Prolonged culture periods are a feature of retinal organoid differentiation protocols as development can take many months. This can sometimes lead to morphological disorganisation and cell death. We have demonstrated that our bioreactor conditions support the survival of retinal cells and promote a significant improvement in the maintenance of lamination within retinal organoids. We suspect that the observed improvement in maintenance and differentiation of retinal organoids is a result of a significant increase in cell proliferation and reduced cell death in the retinal epithelium of the bioreactor-derived retinal organoids. This is consistent with previous reports using bioreactors for the differentiation of brain organoids [26] and other tissues [21, 22, 27, 28, 30] that have demonstrated an improvement in cell expansion, structure and differentiation.

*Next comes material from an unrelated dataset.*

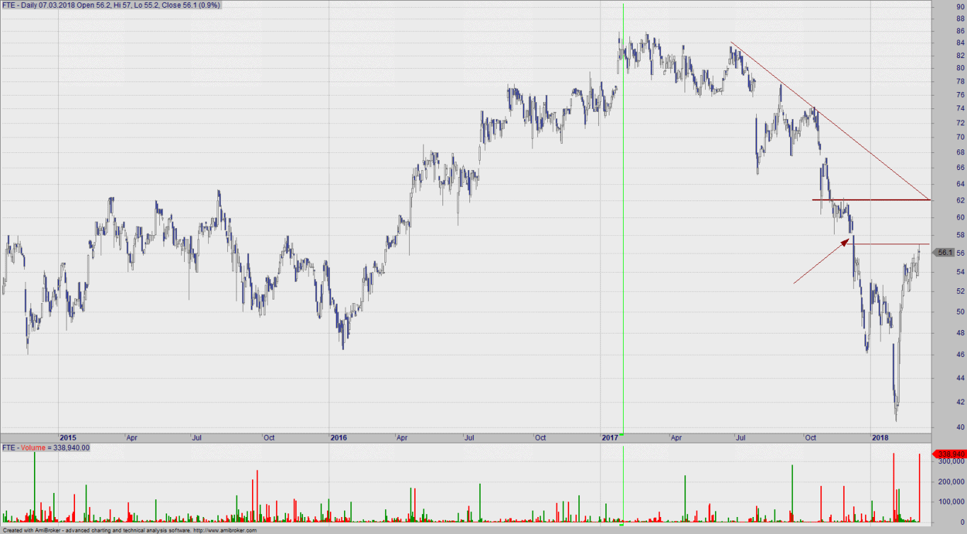 Sytuacja na wykresie Forte, jest dosyć odmienna, bowiem kurs w przeciwieństwie do Pfleiderer nie znajduje się już w czystym trendzie wzrostowym. Obecnie należy przyjąć, że kurs FTE porusza się w długim terminie w boczniaku. Na dużą uwagę zasługuje środowa sesja, na której doszło do utworzenia dużego obrotu, ale kupującym ostateczie nie udało się wyjść nad lokalną konsolidację. Wybicie z konsolidacji de facto nie zmieni średnioterminowego obrazu wykresu, chyba że stronie popytowej uda się wyjść nad 62 zł. Od początku lutego br. do teraz kupującym udało się wywindować akcje spółki o blisko 40%, co jest bardzo dobrym wynikiem. Nie pozostaje niespodzianką, że akcje spółki na początku lutego były po prostu za tanie, a reakcja rynku okazała się zbyt impulsywna.

Retinal organoids may also provide useful tools for disease modelling studies. Despite substantial progress in developing retinal differentiation protocols, to date the formation of mature photoreceptor outer segments containing stacked membrane disks has proved elusive. Here we aimed to evaluate the development of CC and OS structures when organoids are cultured in bioreactors. Photoreceptor cells grown in bioreactors developed nascent CC and OS structures at later stages, and the retinal organoids lost the brush border regions comprising the OS-like structures. These structures are very fragile and their loss was possibly due to continuous exposure to shear stress in the stirred bioreactor system. Further optimisation of the bioreactor process is needed regarding the optimal stirring rate in order to maintain a balance between maximum cell yield and the preservation of fragile structures. It will also be important to test different feeding regimes with the aim of minimising handling and media costs and at the same time avoiding the depletion of nutrients and the accumulation of metabolic by-products.

Conclusions

In summary, we have shown that bioreactor culture of retinal organoids improves laminar stratification as well as the yield of photoreceptor cells bearing cilia and nascent OS-like structures. Our results support the further development of bioreactors for scaling up the manufacture of retinal cells.

Additional files

Additional file 1: (8.3MB, docx)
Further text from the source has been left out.